» **Instructions for the task**
Find "为加强学生公寓文明建设,筑牢" and "お囃子を聞きながら、参道を進む新在家地車を追いかけました。" in the records below. Copy the lines holding them and every line between, exactly, and no others.

» **Supplied data**
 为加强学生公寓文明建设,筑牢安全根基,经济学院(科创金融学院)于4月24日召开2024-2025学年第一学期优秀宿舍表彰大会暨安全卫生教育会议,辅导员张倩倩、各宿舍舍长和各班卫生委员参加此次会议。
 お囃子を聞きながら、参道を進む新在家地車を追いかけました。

--

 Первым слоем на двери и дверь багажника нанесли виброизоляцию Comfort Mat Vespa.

» **Output of the task**
 为加强学生公寓文明建设,筑牢安全根基,经济学院(科创金融学院)于4月24日召开2024-2025学年第一学期优秀宿舍表彰大会暨安全卫生教育会议,辅导员张倩倩、各宿舍舍长和各班卫生委员参加此次会议。
 お囃子を聞きながら、参道を進む新在家地車を追いかけました。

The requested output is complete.